The End Of Kepler

NASA has given up on efforts to save its $600 million Kepler Space Telescope, which has been used to search for signs of alien life.

An artist's interpretation of the Kepler Space Telescope (NASA).

An artist’s interpretation of the Kepler Space Telescope (NASA).

The news comes after months of testing after a second wheel aboard the telescope failed in May. The wheel was used to point the telescope toward the sun.

“Kepler has made extraordinary discoveries in finding exoplanets including several super-Earths in the habitable zone,” John Grunsfeld, associate administrator for NASA’s Science Mission Directorate in Washington, said. “Knowing that Kepler has successfully collected all the data from its prime mission, I am confident that more amazing discoveries are on the horizon.”

According to NASA, efforts will now focus on researching data the telescope collected throughout its life.

Launched in 2009, Kepler is the first NASA mission able to find Earth-size planets in or near the habitable zone. Kepler has discovered thousands of such planets since its launch.

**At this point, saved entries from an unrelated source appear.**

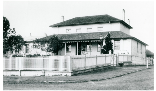
Windsor Court House, 1879.

One of Francis Greenway's best known buildings, the court house was completed in 1822 by William Cox using convict labour. During the early years of the settlement at Windsor, the building was used for everything from church services and meetings to elections. An 1820s portrait of Governor Macquarie, commissioned by local citizens, hangs in the public gallery (though doubts about its authenticity have been expressed in recent years).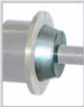
GAR112 (Ø 95-124mm) Off-road vehicles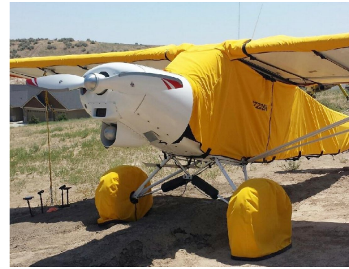
Piper PA-18 Super Cub Extended Canopy Cover, Wing & Tire Covers Piper PA-18 Super Cub Extended Canopy Cover, Wing & Tire Covers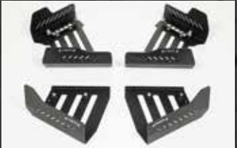
A-arm guard (Front / Rear)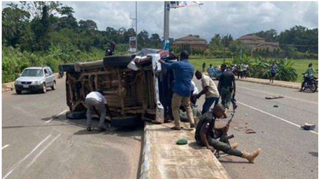
The accident scene in Ondo

Two police officers, who were on election duty in the governorship election in Ondo State, have died in an auto crash.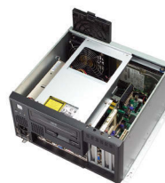
Easy-to-maintain fan filter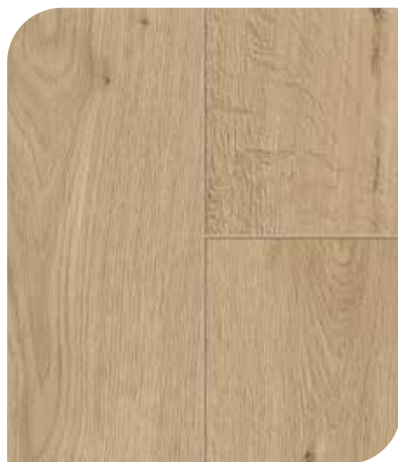
Waldhof (RF) 54149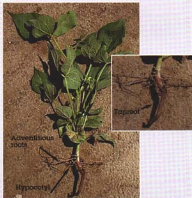
Figure 1. Severe Fusarium root rot kills primary and secondary roots of beans, and most times only adventitious roots are visible. Note the typical red-brown symptoms of Fusarium root rot on the taproot.

Unlike other root-rotting diseases, Fusarium root rot does not cause seed rot or damping-off of seedlings. Symptoms do not appear until two or three weeks after planting. The first symptoms are narrow, long, red to brown lesions on the stems; lengthwise cracks often develop (Fig. 1). Lesions extend down the main taproot, which may shrivel, decay and die. The symptoms in some cases extend up the hypocotyl to the soil surface. Clusters of fibrous roots (lateral roots or adventitious roots) commonly develop above the shriveled taproot (Fig. 1). These roots can compensate to some extent for dead roots, and under ideal growing conditions they will limit above-ground symptoms. Infected plants are frequently stunted, grow slowly compared with healthy plants, and are light green to yellow. Poor root function deprives plants of nutrients and water, which can result in uneven plant stands and reduce yield.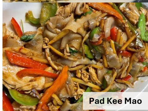
Pad Kee Mao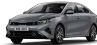
Steel Gray (KLG)

“At the beginning of our mission, no one knew if Earth-size planets were abundant in the galaxy,” William Borucki, Kepler science principal investigator at NASA’s Ames Research Center in Moffett Field, Calif., said. “If they were rare, we might be alone. Now at the completion of Kepler observations, the data holds the answer to the question that inspired the mission: Are Earths in the habitable zone of stars like our sun common or rare?”

NASA plans to launch a second exoplanet hunting mission in 2017. The James Webb Space Telescope will also help with this endeavor.


2 thoughts on “The End Of Kepler

  1. It is truly sad this piece of equipment couldn’t finish the task it was set to. I can’t wait until the JWST though. The marvels that it will unfold will be even greater than the Hubble.